Thelma Adams Takes on the Sexism in ‘Mars Needs Moms’
Posted on March 13, 2011 at 8:00 am
I was delighted to see US movie critic Thelma Adams go after “Mars Needs Moms” for the retro sexism of its plot. As she notes in a comment following my review, she wrote on her blog about the weirdness of a movie for kids in 2011 about a planet where the females have no feelings, the children are raised by robots whose feelings are extracted from earth mothers (selected for their willingness to be disciplinarians), and the males are “dumb as a bag of rocks,” incapable of even the most rudimentary comprehension or achievement.
She says:
ere’s the takeaway: the working mothers of Mars have lost their ability as women to love and nurture. They have to import an earth breeder to take care of that one chip necessary to continue the race. And the poor oppressed men, who live in substandard conditions, without a vote, without power, have been totally squelched to the detriment of Martian society.
The answer, my friends, is blowing in the hot air: The reinstitution of the nuclear family – happy mommy, happy daddy, happy baby of either sex — and the annihilation of the cranky crone.

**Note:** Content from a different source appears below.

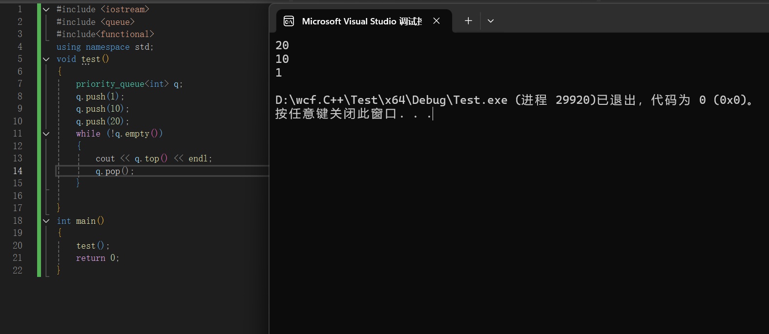 标准容器 vector 和 deque 完全满足这些要求。默认情况下,如果未显式指定底层容器,优先队列将使用 vector 作为其底层实现。
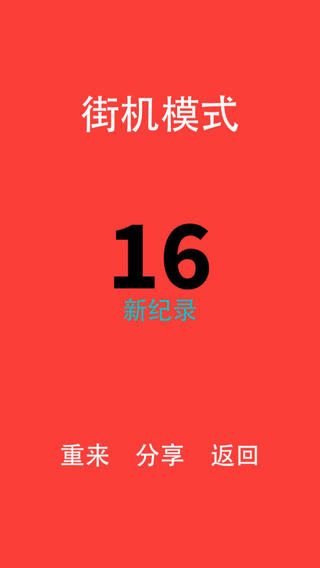 街機模式:游戲結(jié)束之后還可以分享或者重來;高分攻略:注意力集中,手要快。

If sci fi plots allow their creators to work out real-life issues, then here we see a bunch of angry Hollywood males crying out against their feelings of emasculation with nostalgia for a reinstatement of the nuclear fifties family. Hmmm.
The weirdest part is that it just doesn’t make any sense. Forget the part about how Martian babies are produced by popping out of the ground, without any involvement by parents of any gender. How exactly does this planet work? The shrewish female leader is a totalitarian who thinks she can protect herself and the other females from feelings. So, why program the robots with the memories and views of an earth mother who may be stern but is also affectionate and supportive? What is it that all these working females do, other than march around? I am surprised that the few good reviews this movie got emphasize its lessons about family; I’m glad Milo learns to appreciate his mother, but it would have been nice to show her as capable of more than sending him to bed without television and being willing to sacrifice herself to save his life.